Non so ... hai ragione quando dici che non ci sono salette "attrezzate", quindi non so se darti ragione o meno sulla differenza tra pannello e telone. Tuttavia se già poche persone possono permettersi una diagonale superiore ai 40 pollici, ancor meno sono quelli con lo spazio (e la disponibilità economica) di un proiettore, che viene recepito come costo maggiore (lampade, telo e - obbligatorio - un impianto audio). Comunque ricordo quanti amici sostenevano anni fa che il DVD "non era poi un salto qualitativo così enorme".
Spero (anzi speriamo!) che il 2011 sia una previsione azzeccata.
 
Certo, da VHS a DvD era palese anche per i non appassionati. Però per il discorso economico, un buon VPR full-HD come un Epson TW1000 costa attualmente meno di molti TV LCD o plasma, che a parer mio non offrono una gran qualità rispetto al prezzo che costano. Io stesso ero scettico, finchè non ho visto il TW1000 in funzione. Solo allora ho compreso cosa siginificava FULL-HD. Per questo lo affermo :)

Dico la verità: la cosa un po’ mi rattrista, perché ci sono volute “ere geologiche” affinché le major cinematografiche rilasciassero i film su di un supporto che offre veramente la qualità di un 35mm e la cosa non viene apprezzata. Io sarei contento anche se il BD rimanesse di nicchia, ma le cose non funzionano così.

Speriamo che riesca a resistere almeno per lo zoccolo duro degli appassionati, che forse adesso contano un po’ più di una volta. E’ infatti grazie agli appassionati se i DvD hanno raggiunto un livello medio alto. Non so se ricordate i primi dischi che uscivano……se fosse per la massa che concepisce i film come prodotto usa e getta, adesso avremmo ancora dei DvD che si vedono come VHS. Per lo meno il BD è già nato “maturo” dal punto di vista qualitativo.

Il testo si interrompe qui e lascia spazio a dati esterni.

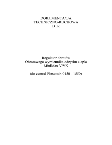 DOKUMENTACJA TECHNICZNO-RUCHOWA DTR Regulator obrotów Obrotowego wymiennika odzysku ciepła MiniMax V/VK (do central Flexomix 0150 - 1550) Spis treści Strona Połączenie kabli Opis funkcji Dane techniczne 2 Ustawienia 3 Regulacja Ustawienie przełączników DIP 4 Sprawdź przed załączeniem napięcia Procedura startowa 5 Wskazania diod Wskazania alarmu Zabezpieczenia i funkcje pracy 6 Usuwanie błędów 7 1 Połączenie kabli Listwa sterująca Wysoka prędkość i niska prędkość Sygnał wejściowy Napięcie / prąd Potencjometr 140Ω-10kΩ Start Wejście Termokontakt Częstotliwość Wejście Czujnik obrotów Reset Wyjście Wyjście Przekaźnik Przekaźnik alarmu sterujący (Max 8A/250V AC) Zasilanie 0 – 10V DC jest proporcjonalny do 0 – 100 Hz Wejście 1 x 230 V Wyjście 3 x 230 V Opis funkcji MiniMax (V - z obudową otwartą, IP20, VK - z obudową zamkniętą, IP54) jest nowoczesnym modulowanym wektorowo przetwornikiem częstotliwości. Zawiera wszystkie niezbędne funkcje, które są konieczne do regulacji obrotowych wymienników ciepła. Przyjmuje wszystkie typowe sygnały sterujące. Prędkość obrotowa wymiennika ciepła i jego wydajność są kontrolowane przez przetwornik częstotliwości, w ten sposób, Ŝe prędkość wirnika jest proporcjonalna do sygnału wejściowego ze sterownika. JeŜeli wartość sygnału wejściowego jest niŜsza od wartości progowej wirnik nie będzie się obracał. JeŜeli wirnik stał nieruchomo przez 30 minut, funkcja czyszcząca będzie uruchamiać wirnik przez 10 sekund na minutę. Czujnik obrotów (magnes przymocowany do wirnika i wewnętrzny nadajnik magnetyczny) wyłączy przetwornik częstotliwości i uruchomi alarm Zbyt wysokie lub zbyt niskie napięcie lub otwarty termokontakt spowoduje wyłączenie przetwornika częstotliwości i uruchomi alarm. Dane techniczne Max wielkość silnika 0,37 Max prąd wyjściowy 2,2 Max przeciąŜenie 2min/30min 3,5 Napięcie zasilania 1x230, +6, -10% Częstotliwość zasilania 50-60 Napięcie wyjściowe 3x 0-230 Częstotliwość wyjściowa 1 - 100 Min częstotliwość 1 – 20 Max częstotliwość 40 - 100 kW A A V Hz V Hz Hz Hz Czas przyspieszania 1 - 30 s Czas zwalniania 1 – 30 s Temp. otoczenia 0 - 45 °C (bez wykraplania wilgoci) Klasa ochrony przetwornika V: IP20 / VK: IP54 Waga V: 1,2 / VK: 1,4 kg Wymiary h x b x l V: 150 x 165 x 67 mm VK: 195 x 165 x 67 mm 2 Ustawienia Wysoka prędkość (A1-A2) Odzysk chłodu. Daje max moŜliwą prędkość jeŜeli start (5-6) jest zwarty. Niska prędkość (A2-A3) Odszranianie. Daje min moŜliwą prędkość jeŜeli start (5-6) jest zwarty. Sygnał wejściowy (1-3) Odchyłka regulacji z układu nadrzędnego. (0-5V, 0-10V, 1-5V, 2-10V, 5-10V, 10-0V, 10-2V, 10-5V, 0-20V obcięta faza, 0-20mA, 4-20mA). Patrz ustawienie przełączników DIP, strona 4. Pomiar częstotliwości (3-4) 0-10V DC odpowiada 0-100Hz, np. 0,5V=5Hz, 5V=50Hz. Prędkość wirnika jest proporcjonalna do częstotliwości. Start (5-6) Musi być zwarty jeŜeli zewnętrzny start nie jest uŜywany. Termokontakt (7-8) Musi być zwarty jeŜeli termokontakt w silniku nie jest uŜywany. Czujnik obrotów (9-10) Biały przewód prowadzić do zacisku 9, brązowy do zacisku 10. Magnes powinien być zamontowany z biegunem południowym skierowanym naprzeciw nadajnikowi. Max odległość 15mm. Przetwornik przechodzi w stan awarii, jeŜeli nie odbiera sygnałów co 5 minut. Funkcja moŜe zostać wyłączona. Zobacz ustawienia przełączników DIP, strona 4. Reset (11-12) Zdalne kasowanie alarmu. Przetwornik resetuje się automatycznie kiedy zostaje wyłączone zasilanie. Przekaźnik alarmu (13-14-15) Zwarty między 14-15 w przypadku alarmu lub wyłączenia zasilania. Przekaźnik sterujący (16-17) Zwarty między 16-17 kiedy funkcja start jest włączona. Max 8A / 250V AC. Ręczny test Przycisk wysokiej prędkości Silnik obraca się z maksymalną moŜliwą prędkością. Przycisk niskiej prędkości Silnik obraca się z minimalną moŜliwą prędkością. 3 Regulacja Boost Dostosowuje moment obrotowy. Nastawa fabryczna. MoŜna ją zwiększyć w razie konieczności, ale wzrośnie równieŜ temperatura silnika przy niskiej prędkości. Acc Czas przyspieszania (0-30s). Ustawiony fabrycznie na wielkość maksymalną. Nie wymaga zmian. Ret Czas opóźnienia (0-30s). Ustawiony fabrycznie na wielkość maksymalną. Nie wymaga zmian. Wartość progowa Przetwornik nie uruchomi się zanim sygnał sterujący nie przekroczy wartości progowej, którą moŜna ustawić w zakresie między 0 i 20% maksymalnego sygnału wejściowego. Na przykład: Przy wybranym sygnale wejściowym 0-10V wartość progowa jest regulowana między 0-2V. Min obroty Min prędkość (1-20Hz). Nastawiona fabrycznie do 4 Hz. Max obroty Max prędkość (40-100Hz). Nastawiona fabrycznie do 50 Hz. Ustawienie przełączników DIP 0 = Off 1 = On x = Nie biorą udziału Potencjometr 0 0 0 0 0 0 x x 0-5 V 0 0 0 0 0 0 x x Przełącznik DIP 0-10 V 1 0 0 0 0 0 x x ZAŁ 0-20 V 0 1 0 0 0 0 x x 1-5 V 0 0 1 0 0 0 x x 2-10 V 1 0 1 0 0 0 x x 5-10 V 1 0 0 1 0 0 x x 10-0 V 1 0 0 0 0 1 x x 10-2 V 1 0 1 0 0 1 x x 10-5 V 1 0 0 1 0 1 x x 0-20 mA 0 0 0 0 1 0 x x 4-20 mA 0 0 1 0 1 0 x x Funkcja czyszcz. wył. x x x x x x 0 x Funkcja czyszcz. zał. x x x x x x 1 x Czujnik obrotów wył. x x x x x x x 0 Czujnik obrotów zał. x x x x x x x 1 1..........8 WYŁ. 4 Sprawdź przed załączeniem napięcia Sprawdź czy Silnik jest podłączony na 3 x 230V. JeŜeli wyłącznik bezpieczeństwa jest włączony między silnik a przetwornik, termokontakt silnika musi być podłączony przez styk pomocniczy w wyłączniku bezpieczeństwa. Sprawdź czy Przetwornik jest podłączony zgodnie z wytycznymi na stronie 2-3. Zasilanie 230V +6-10%. Sprawdź czy Przełącznik DIP jest ustawiony na właściwą szybkość sygnału sterującego. Patrz ustawienia przełącznika DIP na stronie 4. Sprawdź czy Czujnik obrotów i funkcja czyszcząca są włączone. Patrz ustawienia przełącznika DI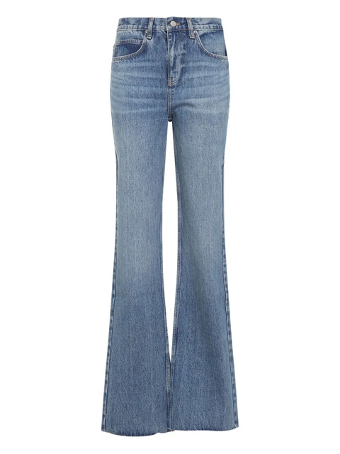 blue five pockets belt loops button fastening flared leg tonal stitching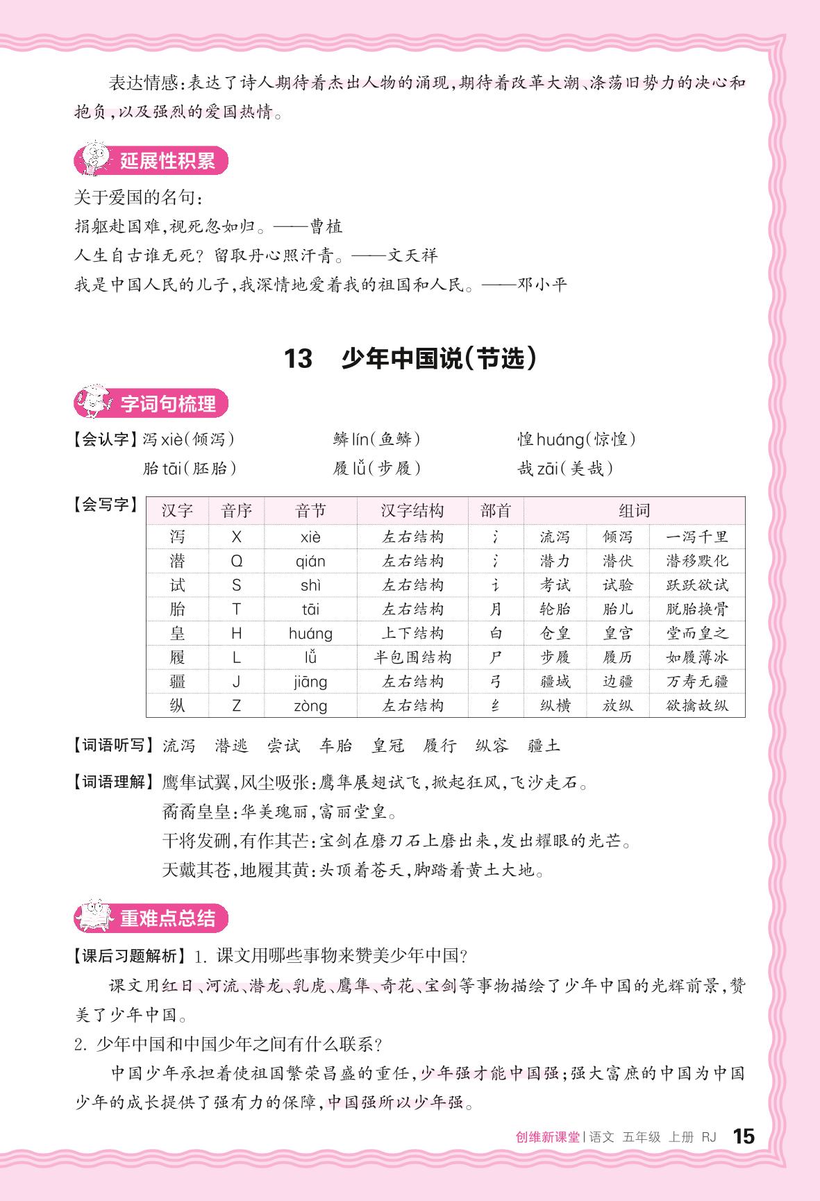 2024秋上册五年级语文人教版 助学手册 第四单元——13. 少年中国说(节选)

Io dal canto mio sono contentissimo del BD anche solo per avere due film come Blade runner e 2001: odissea nello spazio….
Comunque sono ancora ottimista.

Andrea
 
la cosa che un po mi dispiace è che spesso, quando si parla di Blu-ray, ci si sofferma ad analizzare solo le differenze in termini di video, dimenticando che anche il comparto audio è stato interessano da un eccellente upgrade - laddove previsto - rispetto al dvd.
 
Giusto,Sabatino,ma questo e' soprattutto dovuto al fatto che le uscite italiane presentano,salvo rare eccezioni,lo stesso audio dei dvd.
 
Che vuoi, S.P.: la "massa" si accontenta di sottomarche, di "Hinno-HIT" etc e on solo per questioni economiche. Quanti non sanno cos'è un SACD, che addirittura non "sentono" la differenza tra un mp3 scaricato e un "vecchio" vinile.
Insomma, siamo "noi" i diversi, gli strani ...
 
GIANGI67 ha detto:
.... le uscite italiane presentano,salvo rare eccezioni,lo stesso audio dei dvd.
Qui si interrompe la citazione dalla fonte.